Вам хотелось что-нибудь простого,
образ смерти, вне библейских жал,
пробил час, ко мне рванулось слово,
я его над пропастью сдержал.

И теперь в саду не вздрогнет ветка,
и живых детей
на пересчёт,
а собак
тигровая креветка
в марсианских лапах унесёт.

Прижимаясь ужасом к испугу,
что нам делать, нации рабов:
ночью что-то всовывать друг другу,
пить горилку и травить попов.

Как неизлечима эта мука,
что-то в нас пороблено, прости,
даже если выйти из фейсбука

в божье царство больше не войти.

Будет лето самой высшей меры,
и увидит стадо соросят,
как по всей стране пенсионеры
на шнурах обугленных висят.

Свет горит, но воду вновь отключат,
ты приляг, братишка, на кровать
и смотри, как в теле-шоу учат
нас на карантине умирать.
 

*  *  *
А когда в яйцеклетке меня повезут,
как везли пугачёва на плаху:
по бескрайнему лону проложат маршрут,
и живой позавидует праху.

Я услышу сквозь пенье и плач ямщика
кислый запах слепого последа,
и большую тюрьму от звонка до звонка
над фонариком велосипеда.

Вижу скованных братьев своих, близнецов,
как бутан и пропан из баллона,
почему я не вижу конвойных, стрельцов
потому, что сползает корона

на глаза, а поправить её не могу,
всюду пепел да снега охапки,
остается шептать, не смотря на пургу:
мама, мама, не бойся, я в шапке.

*  *  *
Я побеждал чумой холеру
и с чёрной оспой мне везло,
и, возвращаясь на галеру,
я обнимал своё весло.

Как много нас осталось мало,
и штиль впадал в девятый вал:
когда моё весло дышало
тем воздухом, что я дышал.

Когда в имперской и в парчовой
тьме, обнуляющей овал,
я принял рабство пугачёвой
и ей колени целовал.

Я грёб людей неутомимо,
и что-то заводное пел,
и жаль, что мимо смерти, мимо

наш астероид пролетел.
 

*  *  *

Стол, за которым сидит река, два старика на одном причале,

сыр – это бабочка молока, смех – это гусеница печали,

что происходит в твоих словах: осень, чьи листья, как будто чипсы,

тьма – это просто влюблённый страх, это желание излечиться.

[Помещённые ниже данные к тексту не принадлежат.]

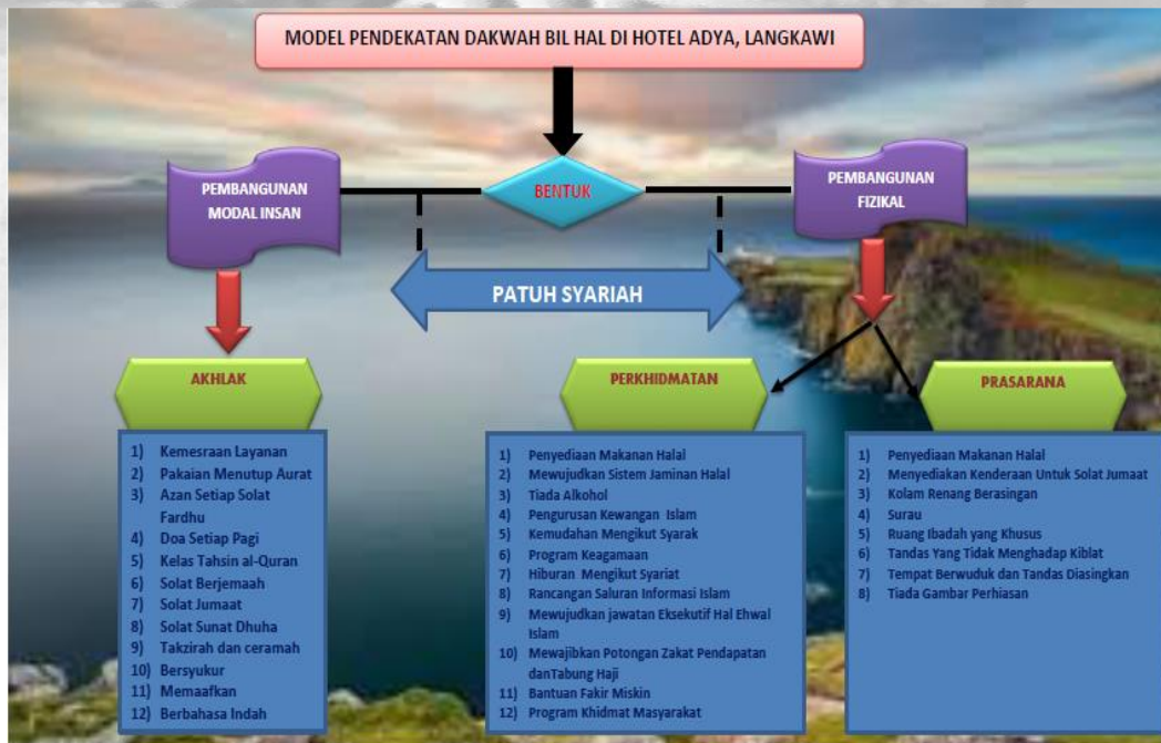
Rajah 5 Model Pendekatan Dakwah Bil Hal di Hotel Adya, Langkawi
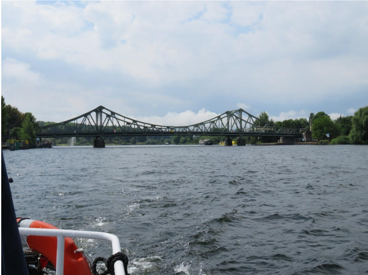
De Glienicker brücke
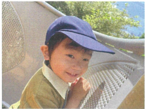
この灰色の壁が あつたかいんだよ!
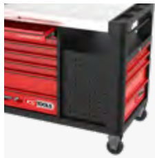
12 Schubladen jeweils bis zu 50 kg belastbar
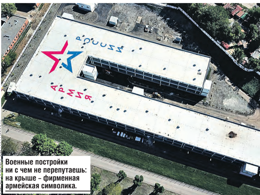
Военные постройки ни с чем не перепутаешь: на крыше – фирменная армейская символика.

Госпитали, в принципе, все однотипные, например, каждая палата в реанимации оборудована аппаратом ИВЛ. Но это только внешнее впечатление. Каждый из них строился с учетом местных особенностей. Так, в Пушкине вокруг здания больницы установили специальную дренажную систему на случай наводнения, укрепили грунт. По словам военных, такой корпус простоит теперь хоть сотню лет. А работать он будет и после окончания пандемии в отличие от клиник в том же Ухане. При этом всего за сутки его можно из инфекционного госпиталя перепрофилировать в хирургическое отделение: все оборудование для этого есть. А на Камчатке фундамент «военной» клиники сделали так, что здание выдержит даже девятибалльное землетрясение.

Мы поплавками на сон клюём, кто нас разбудит, сопя носами,

волк, заглянувший в дверной проём, окунь с цветаевскими глазами,

звон колокольчика над волной, новой поэзии сраный веник,

мир, сотворённый когда-то мной, это отныне – пустой обменник.

Вот он стоит на исходе лет, шкаф, предназначенный быть сараем,

в нём обитает один скелет, судя по библии – несгораем,

пьёт и отлеживает бока, книги – рассыпались, одичали:

сыр – это бабочка молока, смех – это гусеница печали. 

*  *  *

Я говорил по существу, а существо моё молчало,

как дирижабль изнутри – оно себя обозначало:

вот злая ткань, вот водород, вот рёбра папы или мамы,

и я, внебрачный корнеплод, всплывал из оркестровой ямы.

А мог бы сохнуть и хранить больную скрипку и гармошку,

и кошку грудью накормить и помолиться на икошку,

а мог бы жить своим трудом, на основаньях самых общих:

я – дирижабль и роддом для престарелых и усопших.

В пожарных лестницах потоп, украденный цыган-романтик,

я – свежевырытый окоп и белоснежный с боку бантик,

здесь ядра – чистый изумруд началом собраны в початках,

здесь я чихну – и все умрут, в очках и в масках, и в перчатках.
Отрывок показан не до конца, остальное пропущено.